When applied to a real configuration a mapping file will look something like this:

[
    {
        "index"   : "*syslog*",
        "source"  : "hostname",
        "category": "Syslog Errors" ,
        "mapping" : [
            {
                "field" : "message",
                "value" : "error",
                "boost" : 50
            },
            {
                "field" : "message",
                "value" : "kdump",
                "boost" : 60
            },
            {
                "field" : "message",
                "value" : "kernel",
                "boost" : 10
            }
        ]
    },
    {
        "index"    : "cast-zimon*",
        "source"   : "source",
        "category" : "Zimon Counters",
        "mapping"  : [
            {
                "field"     : "data.mem_active",
                "value"     : 12000000,
                "boost"     : 100,
                "threshold" : "gte"
            },
            {
                "field"     : "data.cpu_system",
                "value"     : 10,
                "boost"     : 200,
                "threshold" : "gte"
            }

        ]
    }
]

Note

The above configuration was designed for demonstrative purposes, it is recommended that users create their own mappings based on this example.

UFM Collector

A tool interacting with the UFM collector is provided in ibm-csm-bds-*.noarch.rpm. This script performs 3 key operations:

  1. Connects to the UFM monitoring snapshot RESTful interface.
    • This connection specifies a collection attributes and functions to execute against the
      interface.
  2. Processes and enriches the output of the REST connection.
    • Adds a type, timestamp and source field to the root of the JSON document.
  3. Opens a socket to a target logstash instance and writes the payload.

Beats

The following scripts are bundled in the /opt/ibm/csm/bigdata/beats/ directory. They are generally used to regenerate logs for filebeat ingestion.

csmTransactionRebuild.py

Script Location:
 /opt/ibm/csm/bigdata/beats/csmTransactionRebuild.py
RPM:ibm-csm-bds-*.noarch.rpm

This script is used to regenerate the CSM transaction log from the postgresql databse. It is recommended when using this script for the first time to back up your original transactional logs.

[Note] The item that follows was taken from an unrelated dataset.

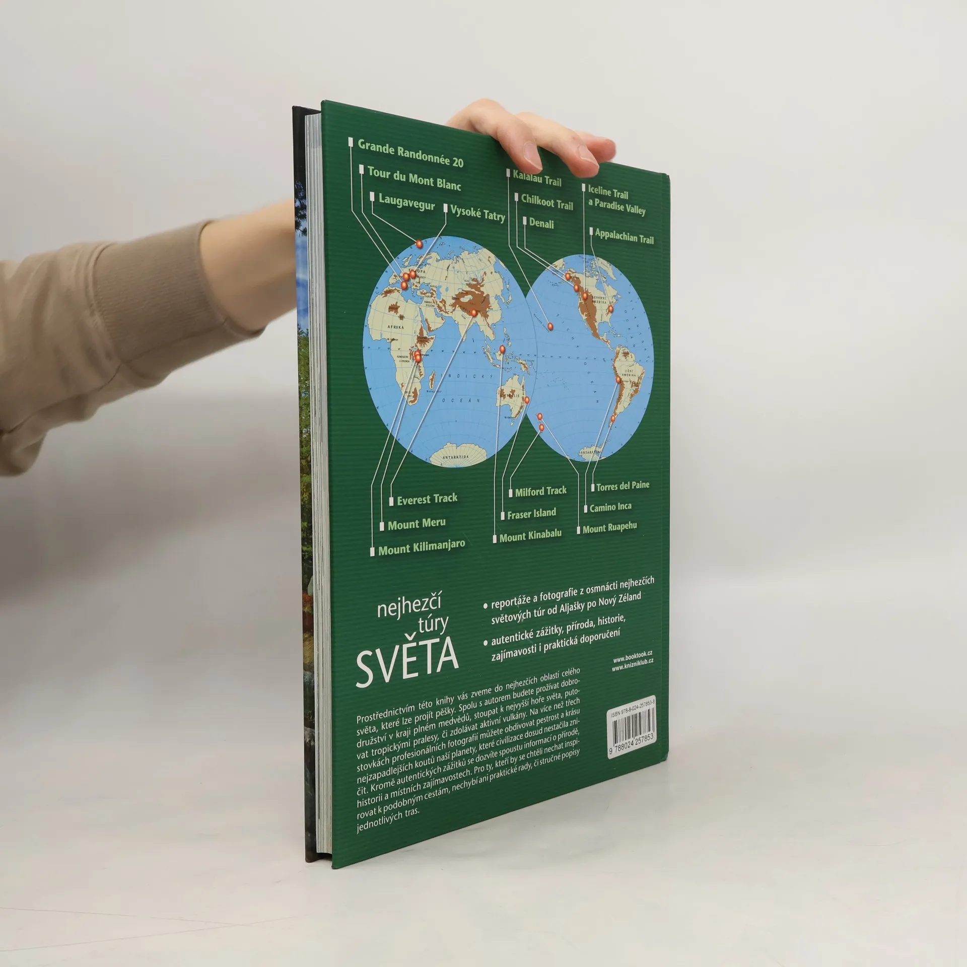 Prostřednictvím této knihy vás zveme do nejhezčích oblastí celého světa, které lze projít pěšky. Spolu s autorem budete prožívat dobrodružství v kraji plném medvědů, stoupat k nejvyšší hoře světa, putovat tropickými pralesy, či zdolávat aktivní vulkány. Na více než třech stovkách profesionálních fotografií můžete obdivovat pestrost a krásu nejzapadlejších koutů naší planety, které civilizace dosud nestačila zničit. Kromě autentických zážitků se dozvíte spoustu informací o přírodě, historii a místních zajímavostech. Pro ty, kteří by se chtěli nechat inspirovat k podobným cestám, nechybí ani praktické rady či stručné popisy jednotlivých tras.

The core objective of this script is to repair issues with the transactional index that were exposed in the transitory steps of the CSM Big Data development. As such, this script should only be run in clusters which were running pre 1.5.0 level code.

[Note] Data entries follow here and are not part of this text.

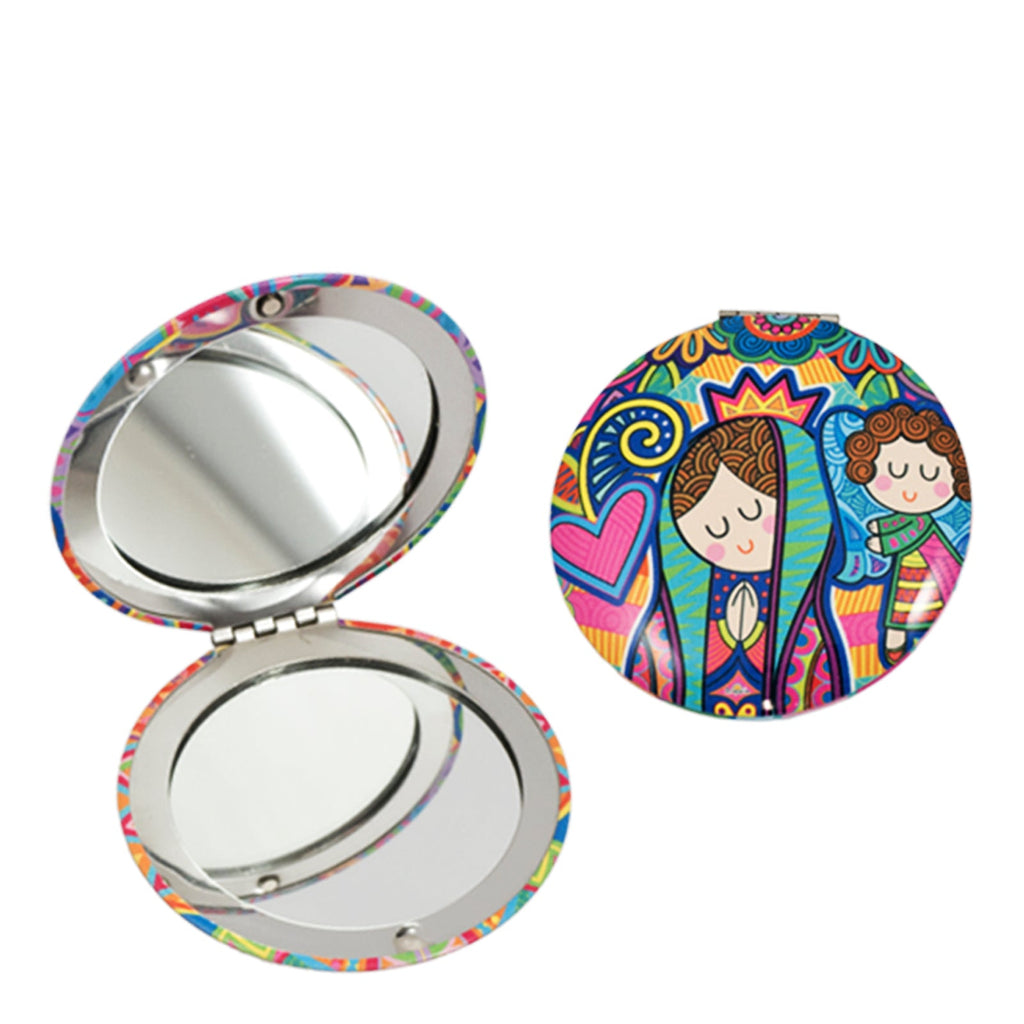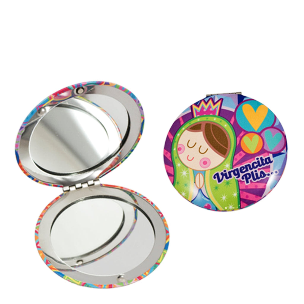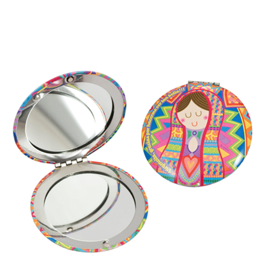 Espejo de bolsillo redondo de 7 cm con diseños inspirados en la Virgen de Guadalupe y diseñados por Distroller. El exterior está fabricado en acero, y es ideal para llevar a cualquier lugar sin que te ocupe nada de espacio.
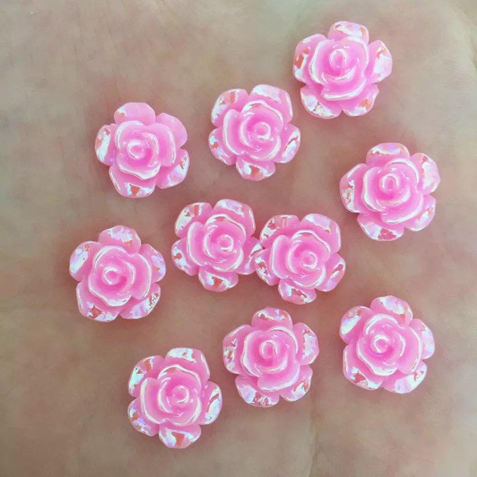 Pink rose flower cabochon, 12mm
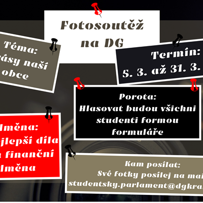 Ahoj, už je to rok, co jsme v této dost náročné situaci. Nic se od března téměř nezměnilo. Všichni sedíme skoro celý den u počítačů, máme online výuku a když máme chvíli klidu, vrháme se na domácí úkoly. Ven se nám k večeru kolikrát už nechce a tak se radši lehneme a pustíme si seriál. Proto jsme pro studenty připravili FOTOSOUTĚŽ. Během soutěže se dostaneme ven na čerstvý vzduch a díky tématu budeme dodržovat vládní opatření. Tématem soutěže jsou „Krásy naší obce“. Jak soutěž pojmete, je jen na Vás. Dodržujme ale téma a fotku pořiďme nejlépe v obci, kde bydlíme. Každý student může poslat jen 2 výtvory, a tak pečlivě vyber mezi svými fotkami. Své fotky pak posílejte na email studentského parlamentu (studentsky.parlament@dgkralupy.eu) . Své fotky prosím odevzdávejte do 31. 3. 2021. celý článek
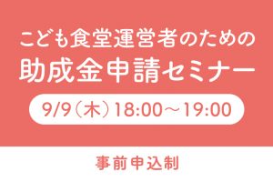 【お知らせ】こども食堂運営者のための、助成金申請セミナー(入門編)
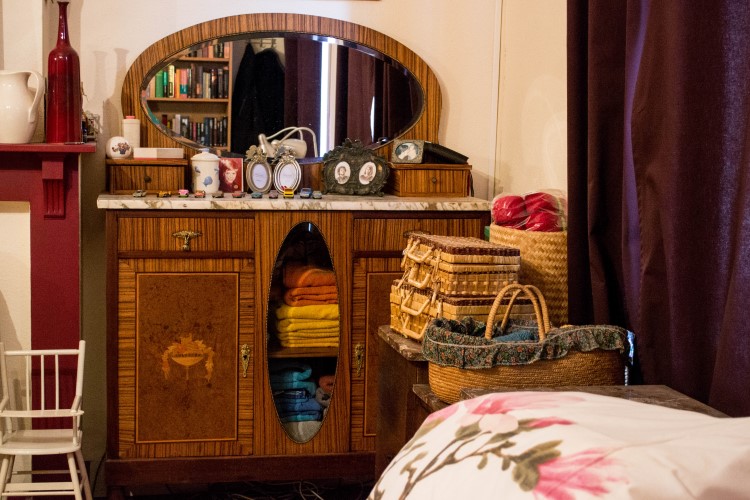 We gaan naar boven. De ‘master bedroom’, zoals ik ze graag noem, vind ik een zeer fijne plek in ons huis. Met nog meer kringwinkelgeluk (de kast zelf deze keer):
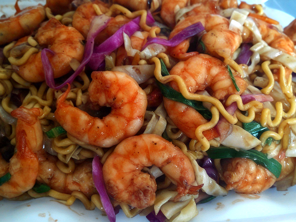 Macarrão, camarão e legumes (repolho verde, repolho roxo, cenoura, couve, cebola picada).
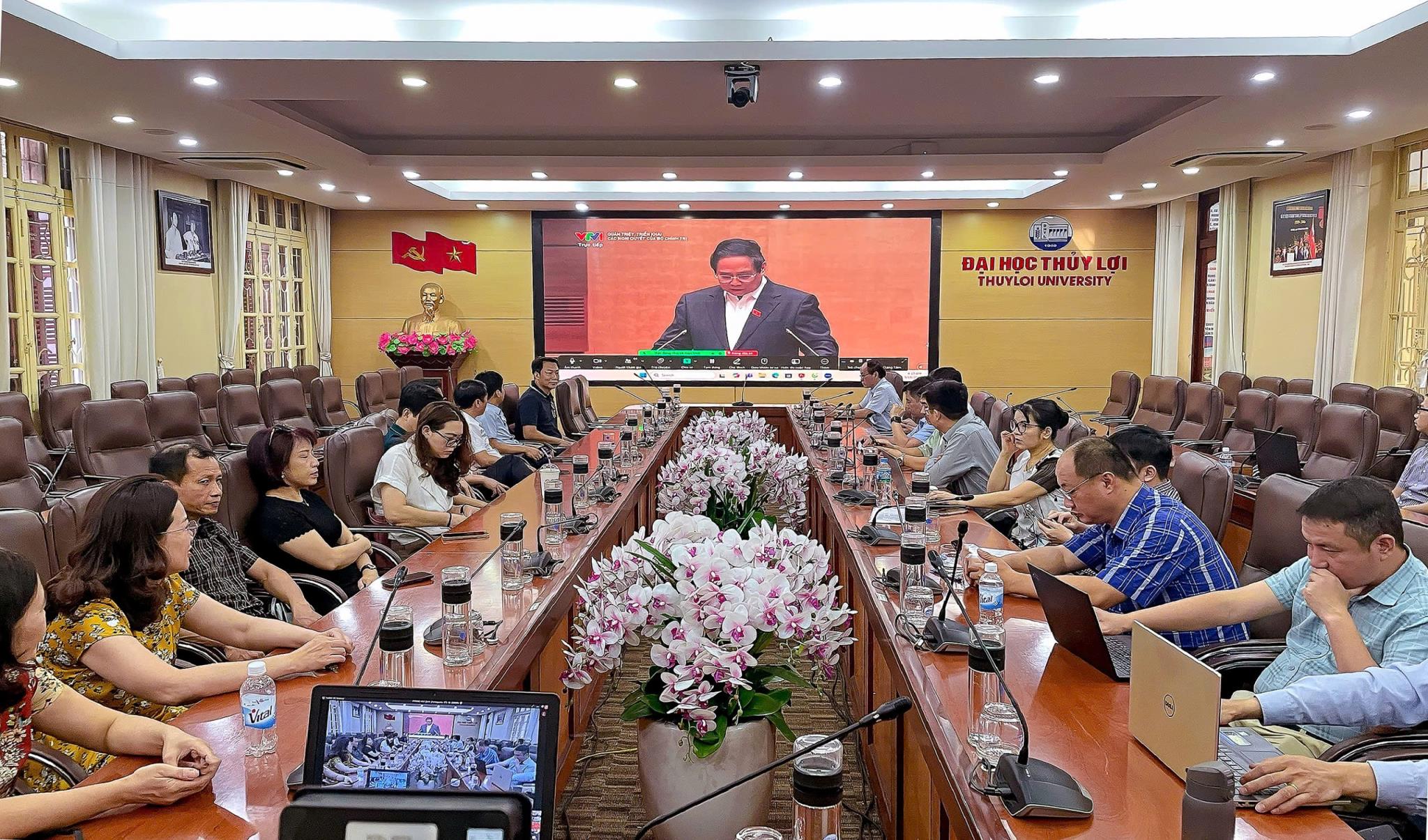 Tại điểm cầu Trường Đại học Thủy lợi có GS.TS Nguyễn Trung Việt – Phó Bí thư Đảng ủy, Hiệu trưởng cùng các đồng chí trong Ban Chấp hành Đảng bộ, Đảng ủy bộ phận và chi ủy các chi bộ và các đồng chí đảng viên đã tham dự Hội nghị.

usage: csmTransactionRebuild.py [-h] [-d db] [-u user] [-o output]

A tool for regenerating the csm transactional logs from the database.

optional arguments:
  -h, --help            show this help message and exit
  -d db, --database db  Database to archive tables from. Default: csmdb
  -u user, --user user  The database user. Default: postgres
  -o output, --output output
                        The output file, overwrites existing file. Default:
                        csm-transaction.log

Transition scripts

Note

The following scripts are NOT shipped in the RPMs.

Sometimes between major versions fields may be renamed in the Big Data Store (this is generally only performed in the event of a major bug). When CSM performs such a change a transition-script will be provided on the GitHub repository in the csm_big_data/transition-scripts directory.

metric-transaction_140-150.py

Performs the transition from the 1.4.0 metric and transaction logs to 1.5.0.

# ./metric-transaction_140-150.py -h
usage: metric-transaction_140-150.py [-h] -f file-glob [--overwrite]

A tool for converting 1.4.0 CSM BDS logs to 1.5.0 CSM BDS logs.

optional arguments:
  -h, --help            show this help message and exit
  -f file-glob, --files file-glob
                        A file glob containing the bds logs to run the fix
                        operations on.
  --overwrite           If set the script will overwrite the old files.
                        Default writes new file *.fixed.

The following commands will migrate the old logs to the new format:

./metric-transaction_140-150.py -f '/var/log/ibm/csm/csm_transaction.log*' --overwrite
./metric-transaction_140-150.py -f '/var/log/ibm/csm/csm_allocation_metrics.log*' --overwrite

Note

If performing this transition, the old data may need to be purged from BDS (in the case of the metrics log especially).